───── Supplied records
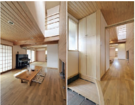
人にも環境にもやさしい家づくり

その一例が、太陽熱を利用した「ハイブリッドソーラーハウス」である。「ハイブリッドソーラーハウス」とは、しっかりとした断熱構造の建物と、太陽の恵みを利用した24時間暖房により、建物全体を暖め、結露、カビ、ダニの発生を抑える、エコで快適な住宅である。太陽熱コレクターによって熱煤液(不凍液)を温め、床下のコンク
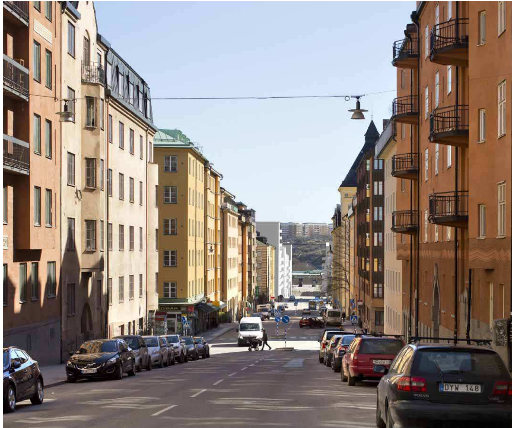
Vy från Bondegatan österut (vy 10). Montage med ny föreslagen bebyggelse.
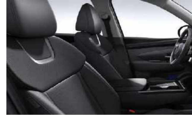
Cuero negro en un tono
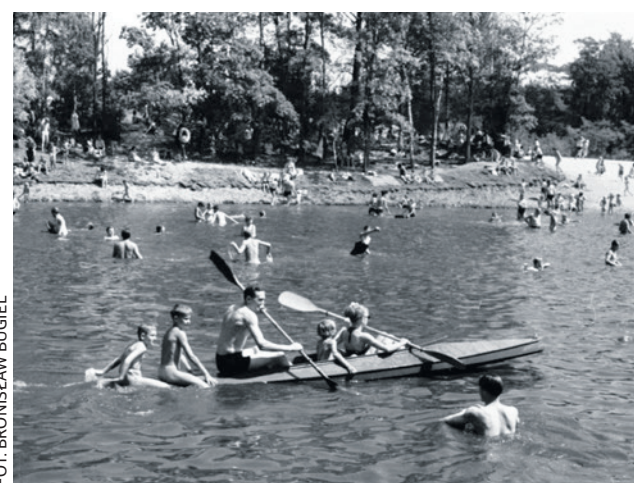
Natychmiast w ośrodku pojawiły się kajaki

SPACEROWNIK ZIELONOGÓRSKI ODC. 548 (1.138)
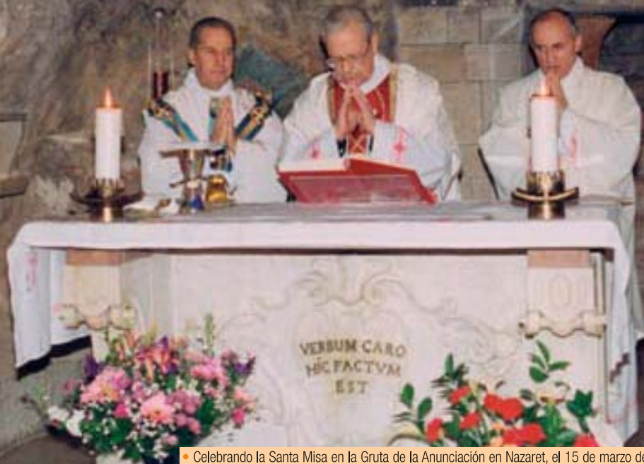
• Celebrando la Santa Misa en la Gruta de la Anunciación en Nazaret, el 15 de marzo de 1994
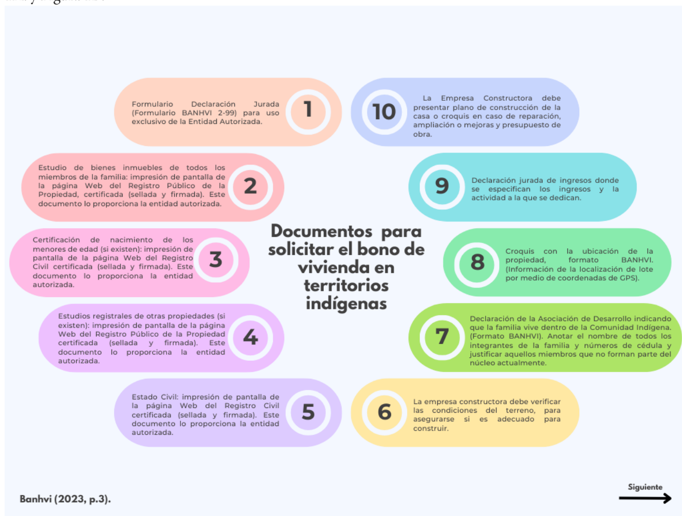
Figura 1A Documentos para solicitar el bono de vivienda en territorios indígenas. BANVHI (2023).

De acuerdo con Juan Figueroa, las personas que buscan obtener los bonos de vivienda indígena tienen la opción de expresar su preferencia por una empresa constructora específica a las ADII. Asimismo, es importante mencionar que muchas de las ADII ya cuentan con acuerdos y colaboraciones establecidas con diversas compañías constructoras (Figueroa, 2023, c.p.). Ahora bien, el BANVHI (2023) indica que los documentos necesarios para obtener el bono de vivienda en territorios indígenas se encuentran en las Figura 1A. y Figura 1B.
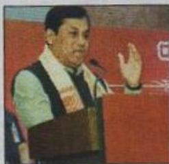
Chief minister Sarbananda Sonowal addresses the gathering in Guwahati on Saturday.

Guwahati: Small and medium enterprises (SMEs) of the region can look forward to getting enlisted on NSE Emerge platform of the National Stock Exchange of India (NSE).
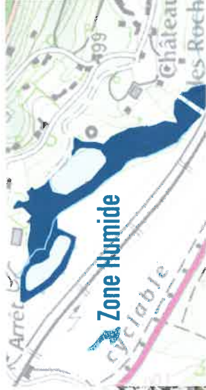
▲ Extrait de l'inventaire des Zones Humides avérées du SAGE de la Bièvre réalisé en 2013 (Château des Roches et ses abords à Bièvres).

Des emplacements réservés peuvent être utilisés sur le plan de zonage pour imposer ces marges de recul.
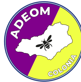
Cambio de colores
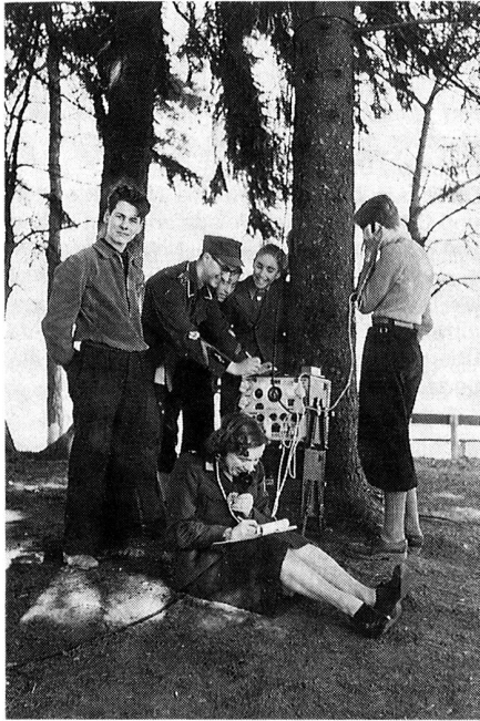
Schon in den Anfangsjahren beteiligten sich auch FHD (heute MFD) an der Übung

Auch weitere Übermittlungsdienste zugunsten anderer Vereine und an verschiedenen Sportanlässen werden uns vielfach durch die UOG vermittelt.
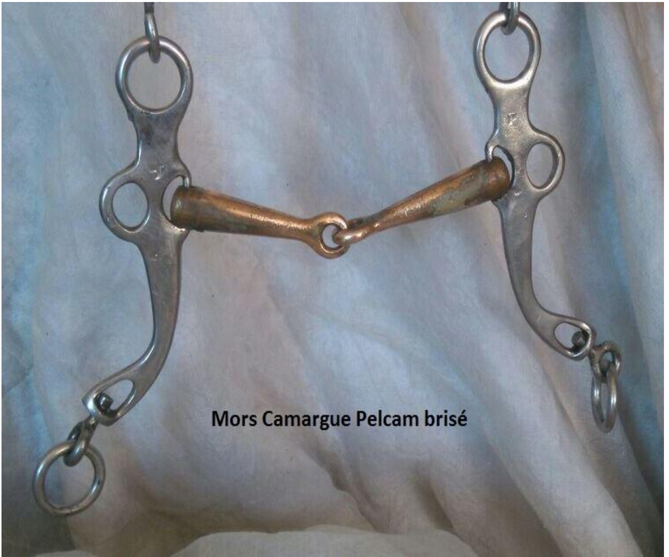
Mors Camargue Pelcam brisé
──────────
Repeat the records word for word. Any picture in them should be left out.

Exercise output →
人にも環境にもやさしい家づくり

その一例が、太陽熱を利用した「ハイブリッドソーラーハウス」である。「ハイブリッドソーラーハウス」とは、しっかりとした断熱構造の建物と、太陽の恵みを利用した24時間暖房により、建物全体を暖め、結露、カビ、ダニの発生を抑える、エコで快適な住宅である。太陽熱コレクターによって熱煤液(不凍液)を温め、床下のコンク
Vy från Bondegatan österut (vy 10). Montage med ny föreslagen bebyggelse.
Cuero negro en un tono
Natychmiast w ośrodku pojawiły się kajaki

SPACEROWNIK ZIELONOGÓRSKI ODC. 548 (1.138)
• Celebrando la Santa Misa en la Gruta de la Anunciación en Nazaret, el 15 de marzo de 1994
Figura 1A Documentos para solicitar el bono de vivienda en territorios indígenas. BANVHI (2023).

De acuerdo con Juan Figueroa, las personas que buscan obtener los bonos de vivienda indígena tienen la opción de expresar su preferencia por una empresa constructora específica a las ADII. Asimismo, es importante mencionar que muchas de las ADII ya cuentan con acuerdos y colaboraciones establecidas con diversas compañías constructoras (Figueroa, 2023, c.p.). Ahora bien, el BANVHI (2023) indica que los documentos necesarios para obtener el bono de vivienda en territorios indígenas se encuentran en las Figura 1A. y Figura 1B.
Chief minister Sarbananda Sonowal addresses the gathering in Guwahati on Saturday.

Guwahati: Small and medium enterprises (SMEs) of the region can look forward to getting enlisted on NSE Emerge platform of the National Stock Exchange of India (NSE).
▲ Extrait de l'inventaire des Zones Humides avérées du SAGE de la Bièvre réalisé en 2013 (Château des Roches et ses abords à Bièvres).

Des emplacements réservés peuvent être utilisés sur le plan de zonage pour imposer ces marges de recul.
Cambio de colores
Schon in den Anfangsjahren beteiligten sich auch FHD (heute MFD) an der Übung

Auch weitere Übermittlungsdienste zugunsten anderer Vereine und an verschiedenen Sportanlässen werden uns vielfach durch die UOG vermittelt.
Mors Camargue Pelcam brisé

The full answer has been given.